El auto y Hakkaku estaban a su izquierda, por lo que decidió permanecer en las sombras.
El sonido de pasos se hizo cada vez más intenso hasta que Ginta vio a un hombre salir de la esquina y, con cautela, marchar hacia la salida de emergencia del edificio donde vivía el insomne. Decidió no actuar, después de todo podía ser un inquilino que usaba la entrada de servicio para no ser notado por el portero, o para no tener que tocar el intercomunicador y que su esposa abriera la puerta después de una escapada.
Se quedó escuchando, atento al más mínimo sonido. Sus oídos chasquearon cuando no escuchó el sonido de un manojo de llaves, sino el ruido de algo rompiéndose. Sin hacer ruido, extrajo la pistola de la funda y sacó el silenciador del bolsillo del interior de la chaqueta. Lo montó en la boca del arma en segundos, y cuando el arma estuvo lista para disparar, salió de las sombras.

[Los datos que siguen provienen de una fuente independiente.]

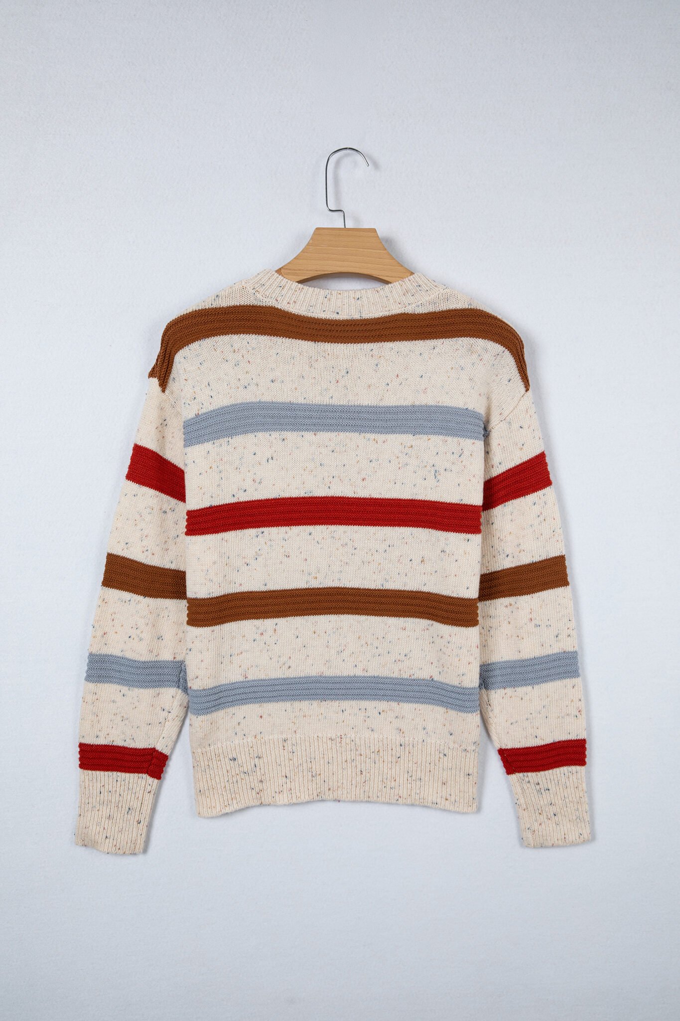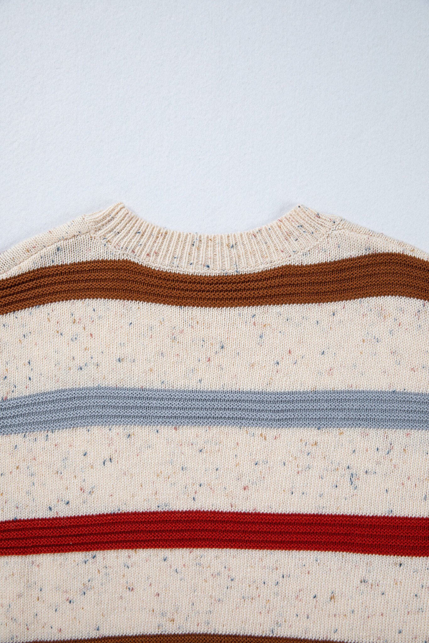 Beige Stripe Exposed Seam Drop Shoulder Heathered Knit Sweater
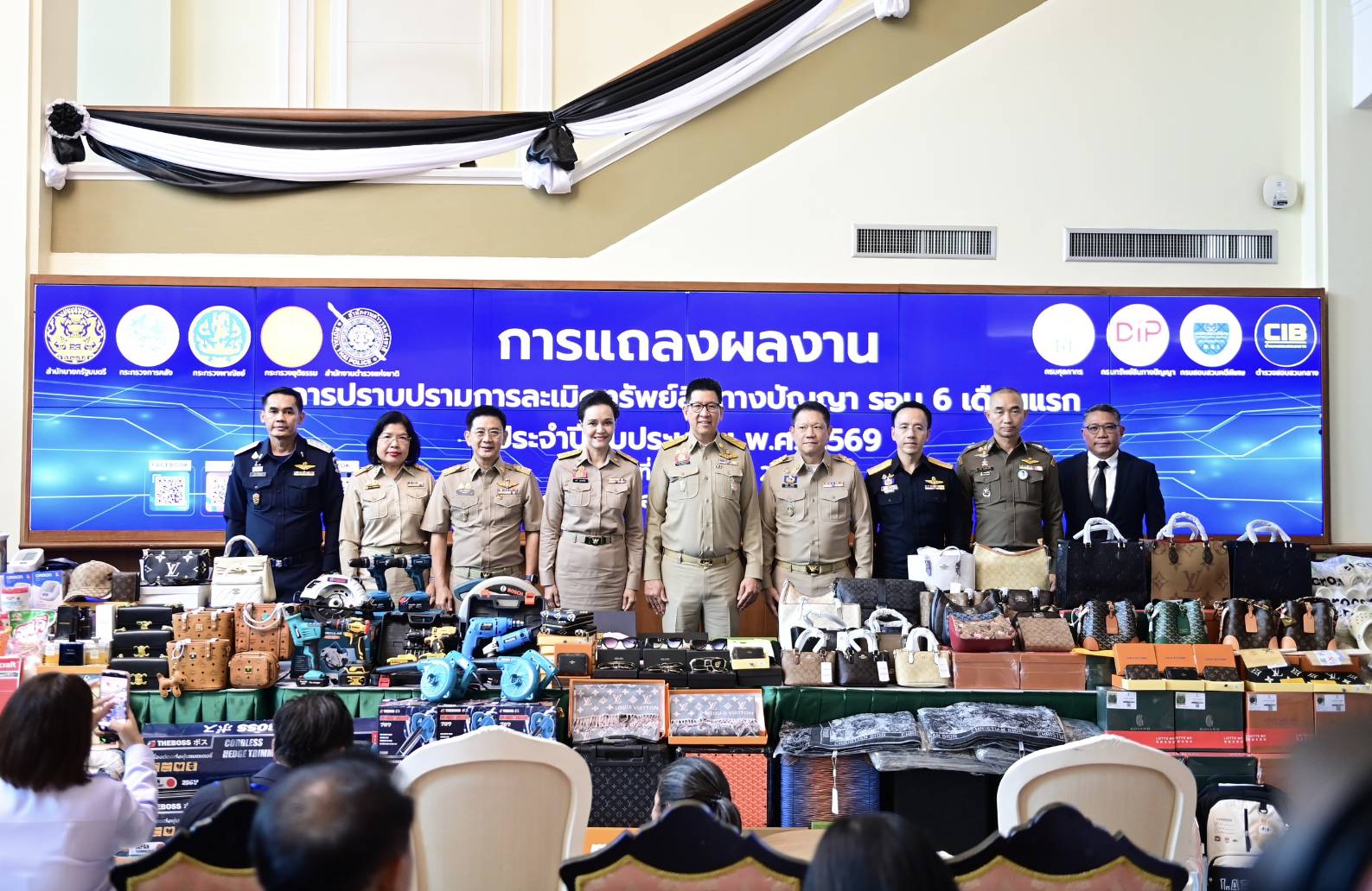 รัฐบาลโชว์ผลงานปราบปรามการละเมิดทรัพย์สินทางปัญญา 6 เดือนแรกปีงบประมาณ 2569 กวาดจับ 332 คดี ยึดของกลางกว่า 1.3 ล้านชิ้น คิดเป็นมูลค่าความเสียหายทางเศรษฐกิจสูงถึง 2,300 ล้านบาท เร่งบูรณาการฝ่ายเศรษฐกิจ ความมั่นคง และกระบวนการยุติธรรม ลุยตลาดย่านการค้า โกดังเก็บสินค้า ด่านศุลกากร และช่องทางออนไลน์ หวังยกระดับความเชื่อมั่นการค้าและการลงทุนของไทยในเวทีโลก

Lentamente y sin hacer ruido, se colocó detrás del hombre, que mientras tanto casi había logrado forzar la puerta de emergencia.
—Date la vuelta —ordenó.
El hombre jadeó y levantó sus manos. Se giró lentamente y sus ojos se llenaron de terror al ver el arma apuntándole al pecho.
—¿Qué coño haces aquí? —preguntó Giunta.
el hombre sonrió. Era un chico negro de unos treinta años, con una hermosa sonrisa cándida y un rostro tranquilizador.
—Vamos hombre, acabo de perder mis llaves y no quiero despertar a mi esposa, de lo contrario me daría un largo sermón hasta el próximo mes —explicó el hombre.
—Sí, por supuesto. Yo te creo porque soy un idiota. Ábrete la chaqueta —ordenó.
El hombre volvió a sonreír y negó con la cabeza.
—Oye, hombre, mira yo vivo aquí… — balbuceó el desconocido.
Ginta sabía que el sujeto estaba mintiendo. En su vida había apuntado con el arma a muchas personas y había aprendido a reconocer y comprender sus emociones. El hombre estaba demasiado tranquilo y relajado para ser inocente. Por lo general, cuando apuntaba con un arma a un inocente, este se arrodillaba y le rogaba que no le disparara. Ese hombre estaba escondiendo algo.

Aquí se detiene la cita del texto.